One key scene in particular was very reminiscent of a much more well-done scene from Night. In the opening moments of Diary, news footage is shown of a domestic murder suicide. A husband has shot his wife to death and then turned the gun on himself. The reporter, who doesn’t know she’s being filmed at the time, makes crass remarks about how the family is Hispanic. We get it. The white-run news media judge minorities and will make decisions based on race to improve their ratings. This instantly reminded me of the scene from Night that I mentioned earlier involving the surviving member of the farmhouse party, who is black. The white sheriff orders his white deputy to shoot the man in the head before they even know if he has been turned into a zombie or not. Did they do this on purpose? Did they shoot him because he was a zombie or because he was black? Romero doesn’t give a straight answer in this first film.
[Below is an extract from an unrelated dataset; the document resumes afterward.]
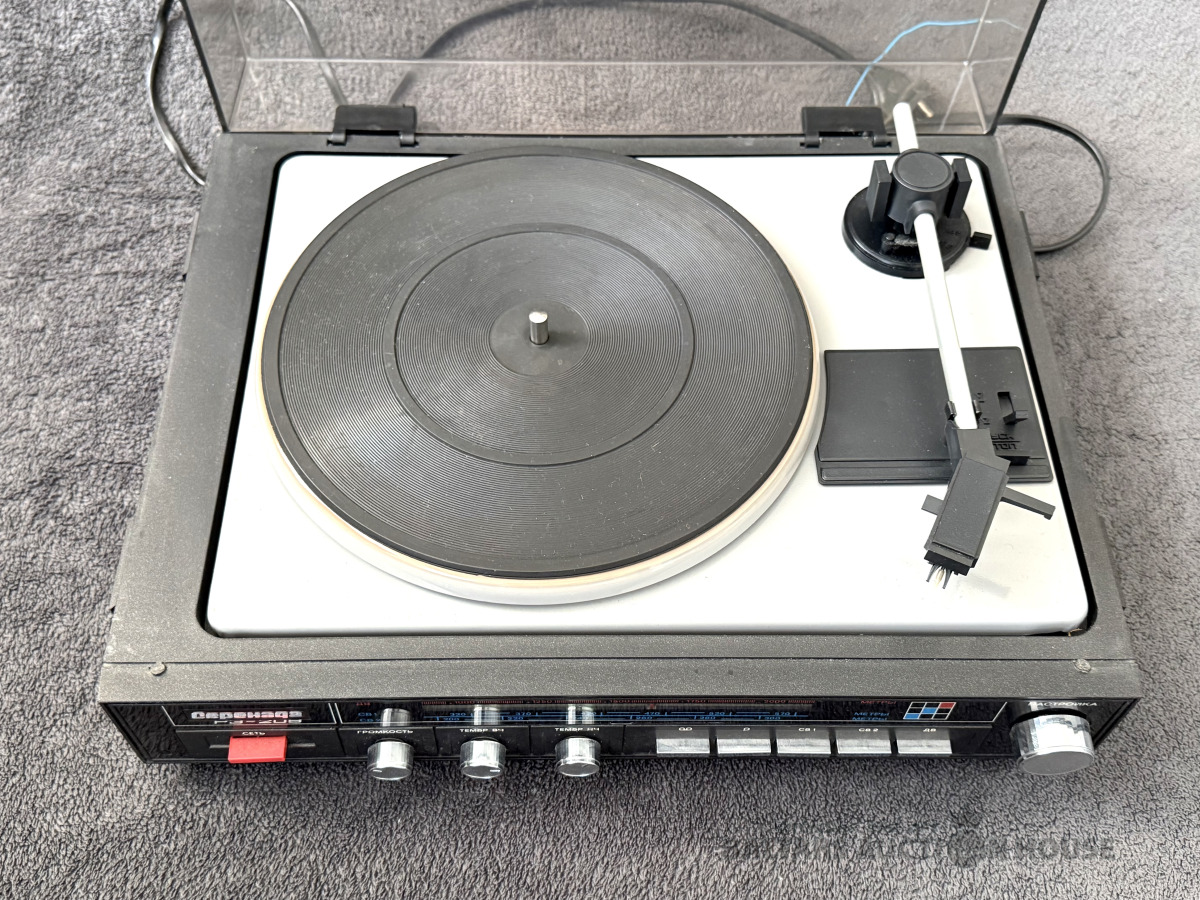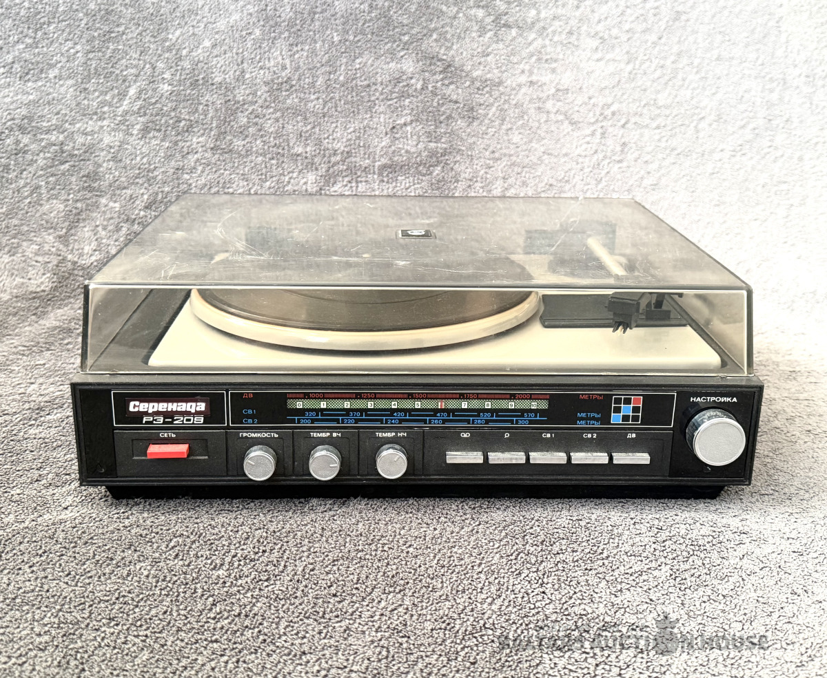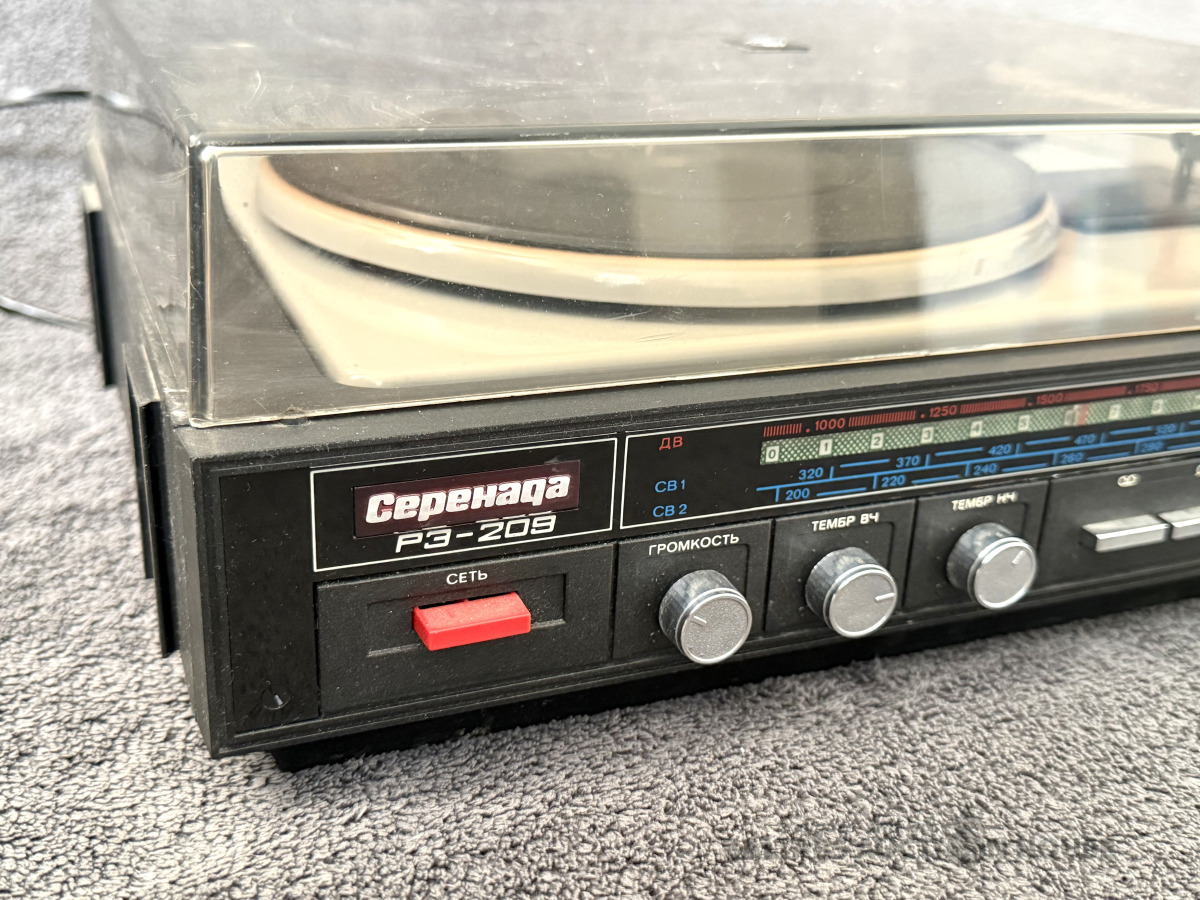 Plašu atskaņotājs/Radio “Серенада РЭ-209”. Slēdzās, plate griežās, adata vietā. Pārējo funkciju darba stāvoklis nav zināms.

He leaves it up to the audience to decide, but reveals a little more of his opinion by juxtaposing the black man being shot with images of zombies being hung from trees and shot, and the dead man’s body being thrown onto a burning pile of exterminated zombies.

It’s almost as if Romero doesn’t trust what he is capturing on film to get his opinions across. Instead he now feels the need to hammer the point home by bludgeoning his audience with useless character dialogue; dialogue that just blurts out what Romero wants to say. His messages and opinions that, forty years ago, were concealed under a thick level of brilliant filmmaking, critical imagery, and the calm, cool, collectedness of a savvy horror director.

If Romero was an angry filmmaker in 1968 and still able to produce a calculated work like Night of the Living Dead, then he must be a severely pissed off filmmaker today to create an obvious film like Diary of the Dead. A filmmaker so mad, he lets precision and form take a knee while pretty-faced, fresh meat actors act as squawk boxes for his social soapbox of unrest. Take a breath, George.